Most mistake cannot be undone, therefore, you can never go back in the past and fix it. However, you can take certain steps at changing the way you see your past. A great way to do this is to look back on the things that you regret the most, and let go of all your regretting. You can do this by realizing that if you had never done such regretful things, you wouldn’t be where you are today, you would be a different person. These regretful things happened in your life because they were meant to teach you a lesson or two. You have only learned more about yourself and about how you handle certain situations. This learning process will continue through the rest of your life, because you’re bound to make more mistakes along the way. Learning from your past rather than mourning the past allows you to not only become a better version of yourself, but also a more mature version of yourself.
In some cases, you may have wronged at least one person in the past. Maybe this person was a friend, or a partner, or just an acquaintance. Whoever they were, you said something to them that you shouldn’t have said or you treated them in a disrespectful manner, and you could never go back and stop it from happening. But that doesn’t mean that you should remain hopeless. I just recently made a growing decision to send out apologetic messages to a few people whom I hurt in the past. Sure, they are very late apologies, but it still doesn’t change the meaning. I have grown so much these past several years, and I’ve learned that the person I was in the past was a completely different person than my current self. By sending out these messages, I felt like a huge weight was lifted. Even though I hadn’t exactly thought about these people in years, it still made me feel like I took a huge step in bettering myself. All three people responded, and were very grateful for my apologetic words. It’s the greatest feeling in the world giving someone else the kindness that they so rightfully deserve.

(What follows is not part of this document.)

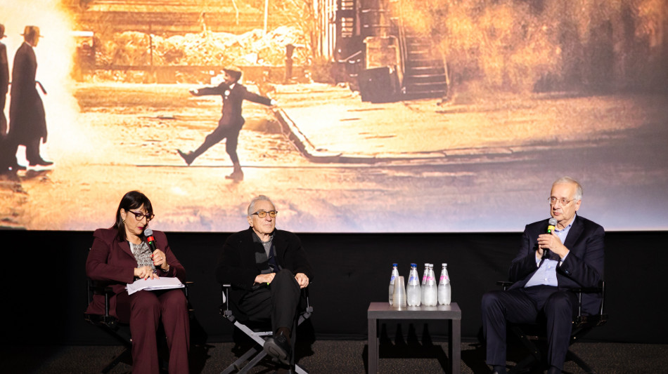 (di Francesco Gallo) Il rapporto con Sergio Leone, la musica di Ennio Morricone, la dimensione epica cinematografica e, infine, l'odiata America di Trump. Questi solo alcuni temi trattati da Robert De Niro intervistato da Walter Veltroni al cinema Moderno di Roma in occasione della proiezione di 'C'era una volta in America' di Sergio Leone in 4k per gli studenti di cinema, ultimo atto de Il fuori sala di Alice nella città. Cosa è stato questo film? "Per Sergio Leone era soprattutto un atto d'amore e ho avuto la netta sensazione che non voleva finisse mai per non provare quella triste situazione agro-dolce che si avverte quando abbandoni un set e lasci tante persone che forse non vedrai più". Chi era Leone? "Un uomo soprattutto pieno di senso di umorismo, una persona simpatica che non ostentava nessuna pretesa, era insomma fantastico". L'America è ancora capace di fare film lunghi ed epici? "Penso di sì. È il caso di Una battaglia dopo l'altra di Paul Thomas Anderson, che non ho ancora visto, ma di cui mi hanno parlato tutti bene. Comunque dipende alcuni vengono realizzati per esempio per lo streaming, per essere suddivisi in tanti episodi. Certo questo è un modo diverso di raccontare la storia, ma credo che il film epico sia ancora possibile penso ad esempio a registi come Martin Scorsese". Quanto pesa la musica di Morricone in un film? "Pesa molto ve lo assicuro. Ho avuto la fortuna di aver lavorato in quattro film con le sue musiche e quindi conosco la differenza". Il suo rapporto col cinema italiano? "Da ragazzo a New York ho visto tanto cinema che veniva dall'Italia penso a Federico Fellini, ad Antonioni, a Pasolini tutti autori che ho sempre guardato con ammirazione e che ho amato tantissimo". L'America di oggi le piace? "Che dio ci aiuti! Non si può continuare ad usare la parola speranza, ma bisogna reagire così come si è cominciato a fare, per esempio, a New York con le elezioni del nuovo sindaco, ma anche in Virginia e in California. Non si può permettere che questa amministrazione bullizzi tutto perché credo sia fondamentale rispondere. Vogliamo insomma che ci venga restituito il nostro Paese e non venga trasformato come sta succedendo in una dittatura fascista".
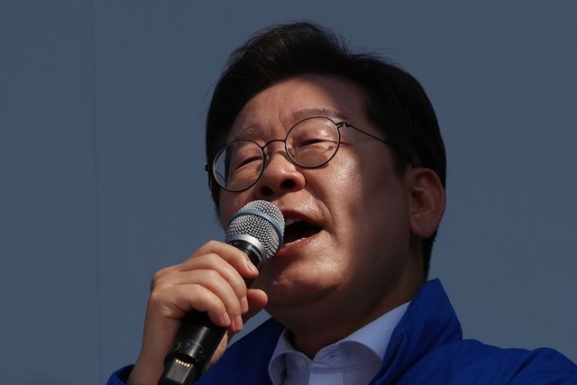 이재명 더불어민주당 대통령 후보가 제21대 대통령 선거 공식 선거운동 첫날인 12일 오후 경기 화성시 동탄 센트럴파크 음악분수중앙광장에서 집중유세에서 연설하고 있다. 자료 사진 / 뉴스1

All people have some level of forgiveness, whether it be large or small. We are able to relate to each other’s mistakes because we have all been there before. We tend to appreciate those people who swallow their pride and fess up to doing something wrong. You have to look within yourself and see your inner strength. Your inner strength stems from the ability to admit to your faults and mistakes, and you will only grow stronger from doing so. Growing up isn’t just a physical process, it’s a mental and emotional one as well. To grow up means to take a lesson from everything you experience in life, and put those lessons to use. It’s truly amazing how much you can teach yourself simply by the things you go through in life.
The reason why you cannot live a regretful life is because you will spend too much time looking back and never looking forward. You have to understand that it’s completely okay to slip up once in awhile because you will be able to eventually redeem yourself. You just have to take life one step at a time and know that you will always get back up even when you take your hardest fall.